Une Journée dans la Vie d'une Au Pair en Italie (2026)

Tu as 20 ans, tu viens d'une ville moyenne en République tchèque, et tu vis depuis deux mois avec une famille dans un quartier résidentiel à l'est de Rome. L'appartement est au troisième étage d'un immeuble jaune pâle avec des volets qu'on utilise vraiment. Tu as ta propre chambre, vous dînez ensemble presque tous les soirs, et ton italien progresse plus vite que prévu — en partie parce que les enfants refusent de parler anglais. Voici à quoi ressemble un mercredi ordinaire.

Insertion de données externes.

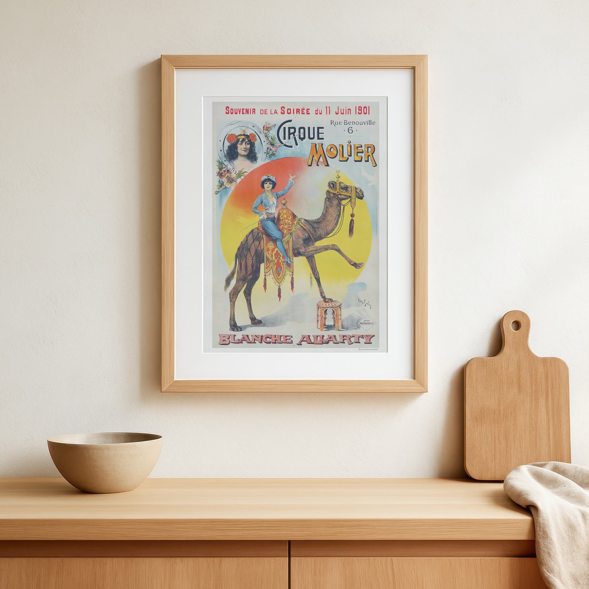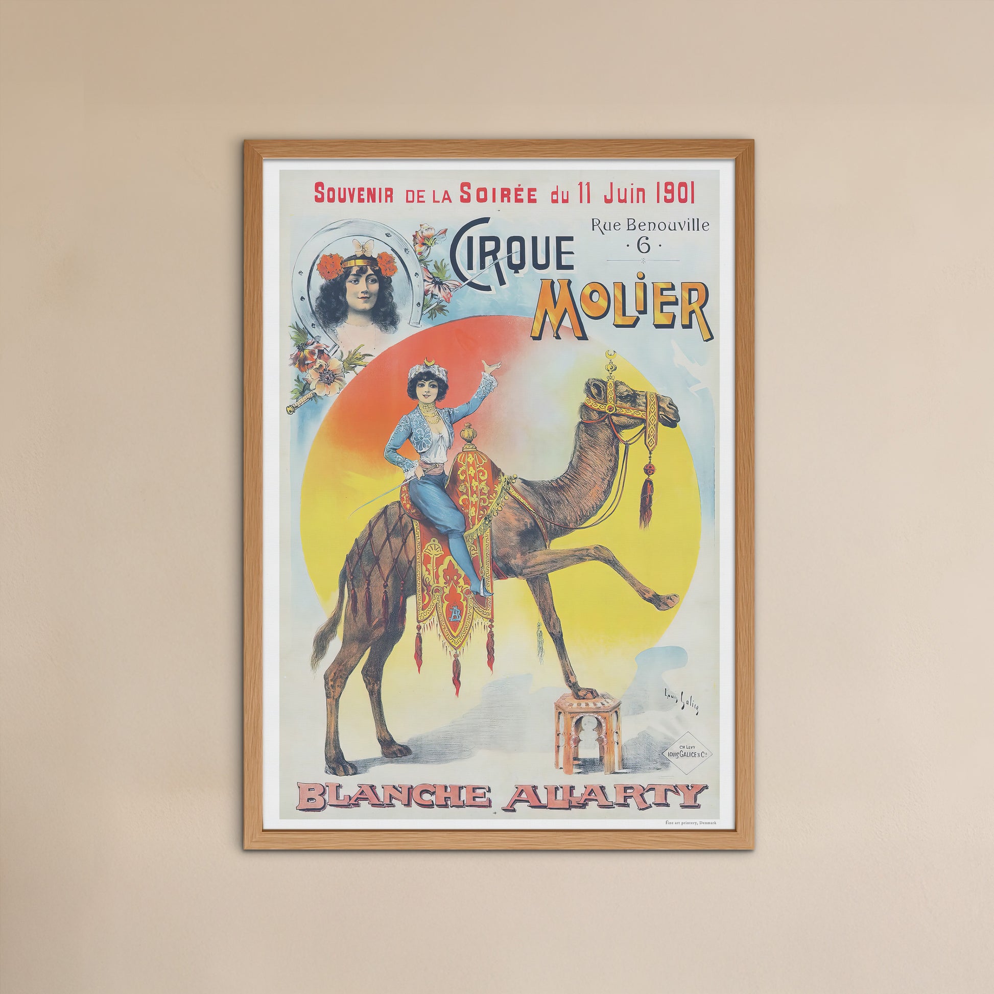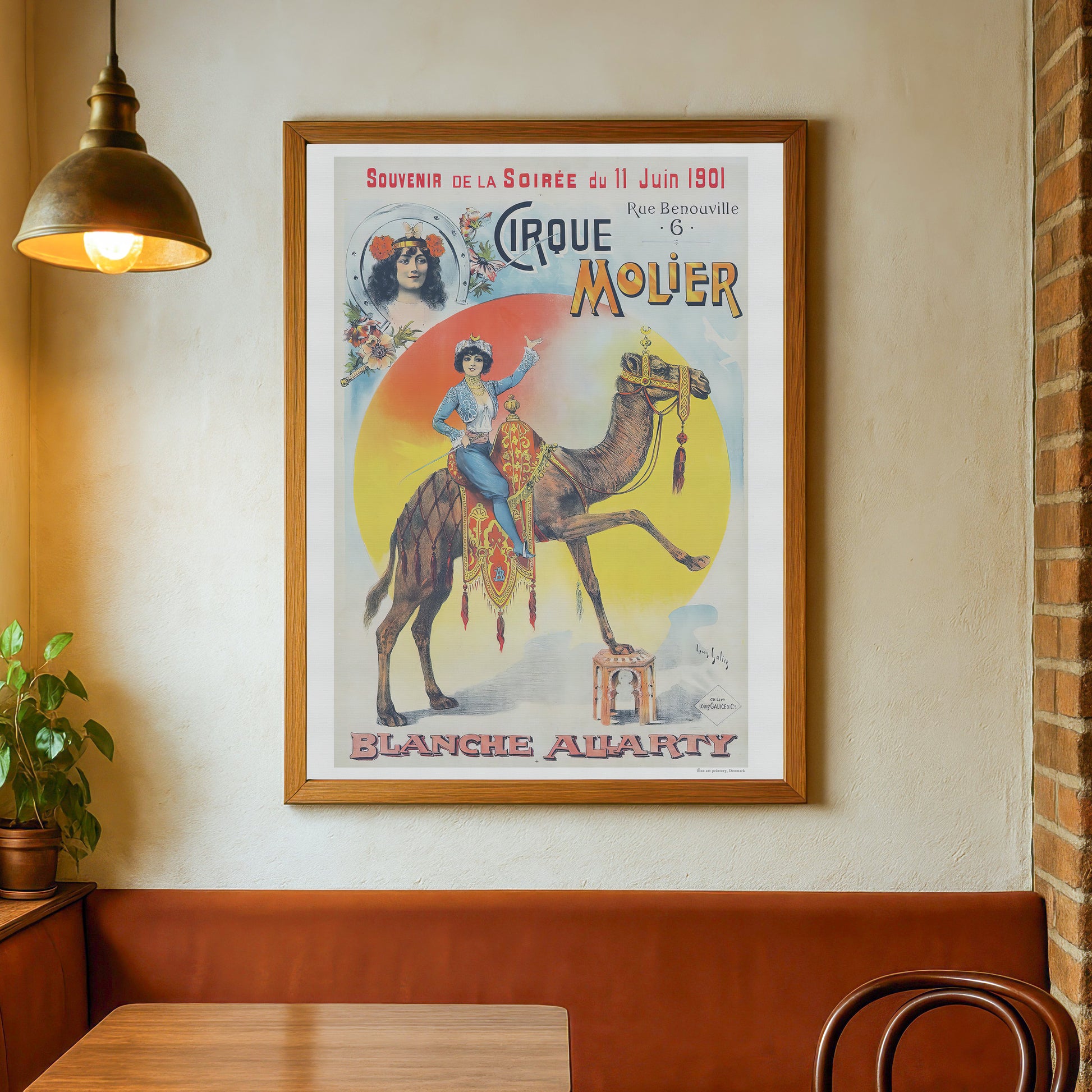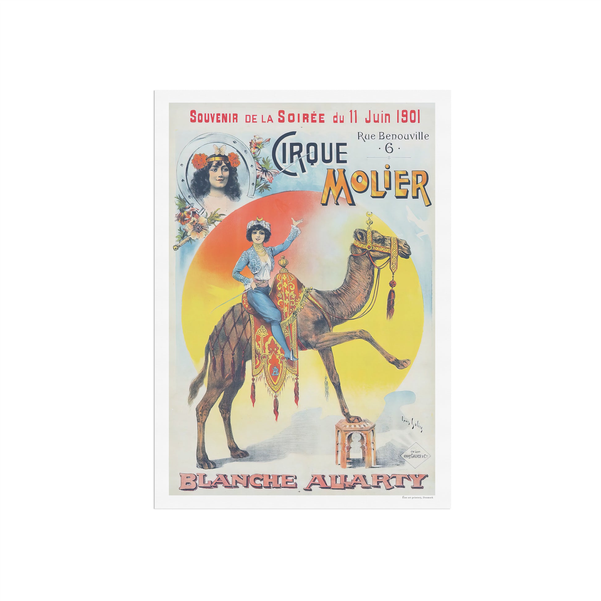 Har du haft fornøjelsen af at se Cirque Molier Cirkusplakaten fra 1901? Det er virkelig et mesterværk, der fanger essensen af Blanche Allarty og hendes kamelshow.

7 h 30 — Petit-déjeuner à l'italienne

Ton réveil sonne et tu te traînes pieds nus sur le carrelage frais jusqu'à la cuisine. Ta mère d'accueil, Francesca, est déjà là. Elle te tend une petite tasse d'espresso préparé à la moka — cette cafetière que chaque foyer italien possède au moins en double. Le petit-déjeuner est léger : un paquet de biscotti sur la table à côté d'un pot de Nutella, et une boîte de fette biscottate (des toasts fins et secs) si tu veux quelque chose de plus simple. Pas d'œufs, pas de bacon, pas de grand étalage. Le petit-déjeuner italien, c'est du café et quelque chose de sucré, debout ou en cinq minutes. Il t'a fallu environ une semaine pour ne plus avoir faim à dix heures. Maintenant tu t'y es habituée, et l'espresso est tellement bon que ça ne te dérange pas.

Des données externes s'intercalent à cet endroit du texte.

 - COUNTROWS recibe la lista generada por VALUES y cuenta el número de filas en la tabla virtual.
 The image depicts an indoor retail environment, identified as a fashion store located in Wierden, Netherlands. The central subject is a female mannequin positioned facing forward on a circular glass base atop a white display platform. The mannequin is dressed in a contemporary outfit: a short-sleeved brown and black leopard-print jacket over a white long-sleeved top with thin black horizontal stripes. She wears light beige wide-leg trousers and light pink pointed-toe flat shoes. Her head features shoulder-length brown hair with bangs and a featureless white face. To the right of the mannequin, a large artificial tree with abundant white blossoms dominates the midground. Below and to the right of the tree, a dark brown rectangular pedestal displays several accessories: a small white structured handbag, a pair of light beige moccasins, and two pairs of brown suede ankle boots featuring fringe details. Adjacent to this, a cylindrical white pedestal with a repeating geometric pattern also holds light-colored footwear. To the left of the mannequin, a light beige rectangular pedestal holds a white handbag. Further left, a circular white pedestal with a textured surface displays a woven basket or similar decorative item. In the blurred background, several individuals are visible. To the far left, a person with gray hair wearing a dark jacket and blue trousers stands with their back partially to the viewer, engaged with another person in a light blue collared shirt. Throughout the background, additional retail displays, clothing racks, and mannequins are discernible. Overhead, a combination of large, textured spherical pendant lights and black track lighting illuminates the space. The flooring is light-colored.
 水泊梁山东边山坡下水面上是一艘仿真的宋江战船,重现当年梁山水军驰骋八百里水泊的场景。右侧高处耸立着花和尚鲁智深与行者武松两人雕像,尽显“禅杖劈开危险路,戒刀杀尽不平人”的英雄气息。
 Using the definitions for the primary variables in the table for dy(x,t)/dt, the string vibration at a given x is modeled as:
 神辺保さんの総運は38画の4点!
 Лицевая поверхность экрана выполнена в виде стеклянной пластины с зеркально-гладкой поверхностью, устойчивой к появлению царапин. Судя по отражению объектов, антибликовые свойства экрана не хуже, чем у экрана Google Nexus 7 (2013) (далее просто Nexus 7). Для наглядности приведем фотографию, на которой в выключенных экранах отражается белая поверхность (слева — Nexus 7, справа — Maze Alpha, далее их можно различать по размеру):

Les enfants, Sofia (4 ans) et Marco (6 ans), sont à table en uniforme — le grembiule bleu (blouse) que portent les écoliers italiens par-dessus leurs vêtements. Sofia trempe des biscotti dans du lait chaud. Marco fixe le mur avec le regard vide d'un enfant éveillé depuis trois minutes.

8 h 15 — Le chemin de l'école

Tu accompagnes les deux enfants à pied. Sofia va à la scuola materna — l'équivalent italien de l'école maternelle pour les 3-5 ans. Marco va à la scuola elementare, l'école primaire juste à côté. La marche dure douze minutes dans des rues résidentielles bordées de pins parasols et de Fiat garées. Tu passes devant un forno (boulangerie) qui sent incroyablement bon, un bar où des hommes en costume boivent leur espresso au comptoir, et une petite piazza avec une fontaine entièrement colonisée par les pigeons. Tu déposes Sofia en premier, embrasses sa maîtresse sur les deux joues (il t'a fallu du temps pour t'y habituer), et accompagnes Marco jusqu'à son portail. Il fait un signe de la main et court.

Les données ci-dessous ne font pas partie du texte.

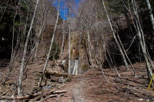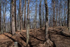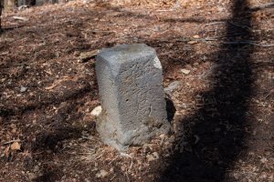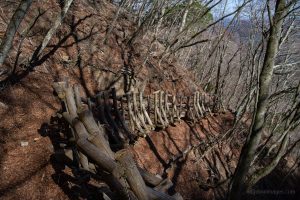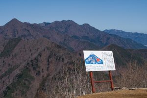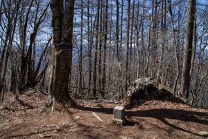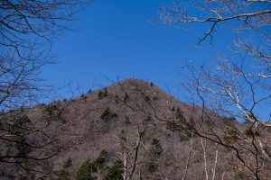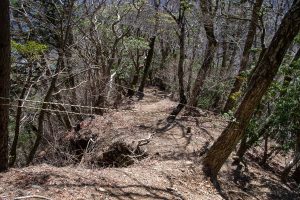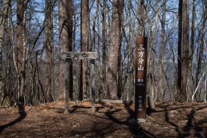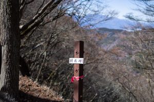 Adjacent to Mt. Sanpobun is Mt. Shojinyama 精進山, of nearly equal elevation. From here, the trail descends sharply. The ground is dry and sandy, making it slippery underfoot. After losing some altitude, you reach the saddle at Shoji-toge 精進峠 with a lookout point nearby, followed by Neko-toge 根子峠.
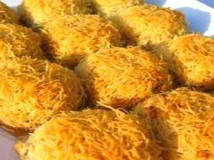 - خذي بعض شعيرات الكنافة ، ضعيها في داخل القوالب بحيث تغطى القاع والجوانب ، وتصبح على شكل دوائر أو أعشاش العصافير
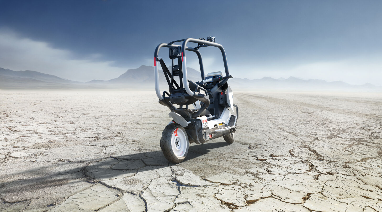 Die reduzierte Bauhöhe des Cage und dessen offene und luftige Konstruktion lassen den Vision CE in Verbindung mit einem langen Radstand gestreckt, dynamisch und optisch leicht wirken. Der offene Einsatz von beschichtetem Aluminium setzt exklusive technische Akzente. Die Grundfarbe Matt-Weiß lässt den Vision CE in Verbindung mit der Kontrastfarbe Schwarz klar, reduziert und skulptural erscheinen. Ergänzt wird die innovative Form- und Farbensprache von einer Sitzbank in edlem Mattglanz mit integriertem Schriftzug sowie von neonroten Akzenten, etwa bei den Grafiken und besonders hervorgehobenen Details. Ein weiteres Highlight des Vision CE ist die Balancierfunktion, die es dem Fahrzeug ermöglicht, sich im Stand vollständig selbst auszubalancieren. Der BMW Motorrad Vision CE definiert urbanen Fahrspaß auf zwei Rädern völlig neu – dank der einzigartigen Cage-Konstruktion ohne Helmpflicht und ohne die Notwendigkeit von Motorradbekleidung. Mit den unterschiedlich gestalteten Derivaten unterstreicht BMW Motorrad die Wandlungsfähigkeit dieses Visionsfahrzeuges.
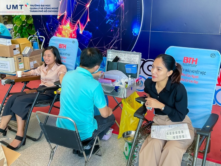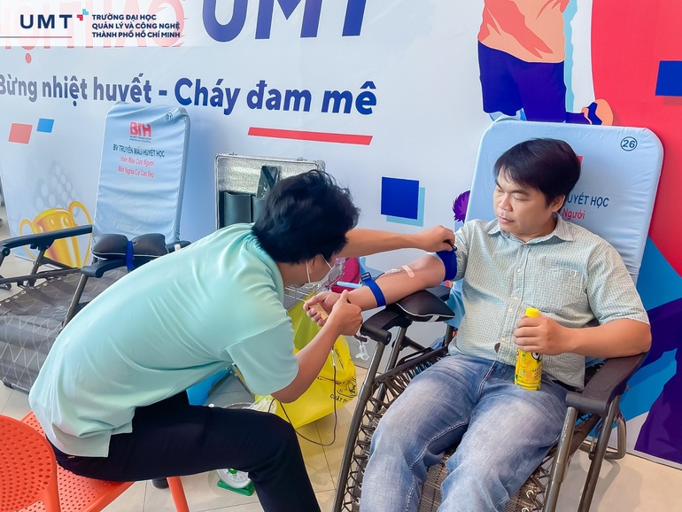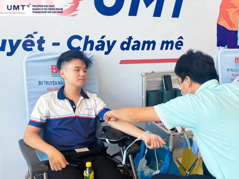 Với tinh thần "Một giọt máu - Ngàn niềm hy vọng", UMTers đã nhiệt tình tham gia hiến máu nhân đạo. Mỗi người tham gia đều được nhân viên y tế kiểm tra sức khỏe kỹ lưỡng, đảm bảo tuân thủ quy trình. Sau khi hiến máu, các bạn được tặng bánh, sữa và hướng dẫn thực hiện chế độ dinh dưỡng theo quy định.

8 h 45–12 h 30 — Temps libre

Ce temps est entièrement à toi, et c'est la partie de l'arrangement qui t'a le plus surprise. Trois matins par semaine, tu suis un cours d'italien dans une école près de la gare Termini. La classe est de niveau B1, un mélange d'au pairs, d'étudiants Erasmus et d'un couple allemand retraité qui a déménagé ici pour la nourriture. Ça coûte environ €400 pour un trimestre, et ta famille d'accueil contribue à hauteur de €50 par mois. Tu apprends le subjonctif et ça te donne mal à la tête, mais tu peux désormais discuter avec un pharmacien et commander au restaurant sans pointer du doigt, donc les progrès sont réels.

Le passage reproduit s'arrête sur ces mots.